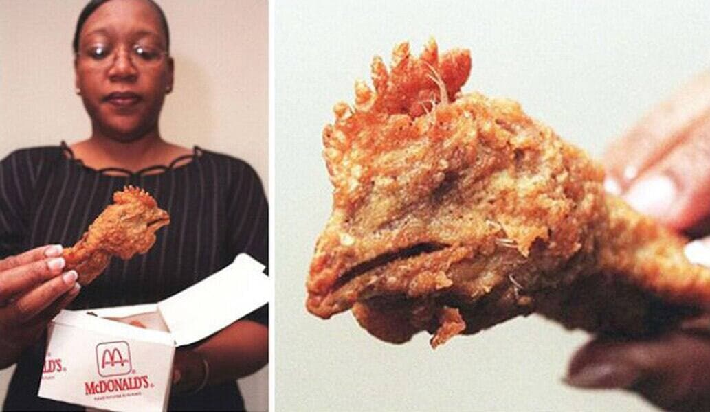 Une femme a trouvé une tête de poulet entière panée dans les croquettes de poulet de son fils chez McDonald's. N’ayant pas aperçu la tête du premier coup, c’est son fils qui lui a crié de ne pas la manger. Elle a obtenu 100 000$ en compensation de la société.
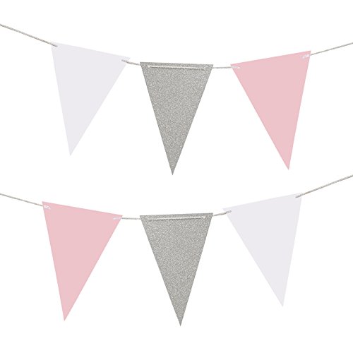 LUCK COLLECTION Pink Silver White Tema Baby Shower Party Decorations Matrimonio Compleanno Forniture-Palloncini Paper Pom Pom e Triangle Banners
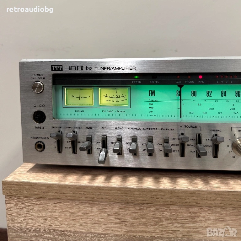 Този ресивър има характерен за ITT ретро стил с изчистени линии и издръжлива конструкция. Изработен от качествени материали, това устройство не само че звучи добре, но и изглежда елегантно, със своите метални и пластмасови акценти. Ресивърът *ITT HiFi 8033* е снабден с голям, добре видим дисплей и контроли, които позволяват лесно управление на силата на звука, настройките на басите, високите честоти и други. Предлага не само възможност за усилване на аудио сигнала, но и вграден FM/AM тунер за приемане на радиостанции. Той осигурява мощен и ясен звук с отлична динамика и прецизност, което го прави идеален за любителите на висококачествено слушане. Регулаторите за настройка на тоновете позволяват детайлно регулиране на звуковите параметри, така че да може да се постигне идеално балансирано аудио. Тунерът осигурява стабилен прием на радиопрограми с отлична чувствителност и ясност на звука.

= = = = =

__EXERCISE DIRECTIONS__.
Write the material out again exactly as it appears, dropping the pictures.

__SOLUTION BELOW__.
 Une femme a trouvé une tête de poulet entière panée dans les croquettes de poulet de son fils chez McDonald's. N’ayant pas aperçu la tête du premier coup, c’est son fils qui lui a crié de ne pas la manger. Elle a obtenu 100 000$ en compensation de la société.
 LUCK COLLECTION Pink Silver White Tema Baby Shower Party Decorations Matrimonio Compleanno Forniture-Palloncini Paper Pom Pom e Triangle Banners
 Този ресивър има характерен за ITT ретро стил с изчистени линии и издръжлива конструкция. Изработен от качествени материали, това устройство не само че звучи добре, но и изглежда елегантно, със своите метални и пластмасови акценти. Ресивърът *ITT HiFi 8033* е снабден с голям, добре видим дисплей и контроли, които позволяват лесно управление на силата на звука, настройките на басите, високите честоти и други. Предлага не само възможност за усилване на аудио сигнала, но и вграден FM/AM тунер за приемане на радиостанции. Той осигурява мощен и ясен звук с отлична динамика и прецизност, което го прави идеален за любителите на висококачествено слушане. Регулаторите за настройка на тоновете позволяват детайлно регулиране на звуковите параметри, така че да може да се постигне идеално балансирано аудио. Тунерът осигурява стабилен прием на радиопрограми с отлична чувствителност и ясност на звука.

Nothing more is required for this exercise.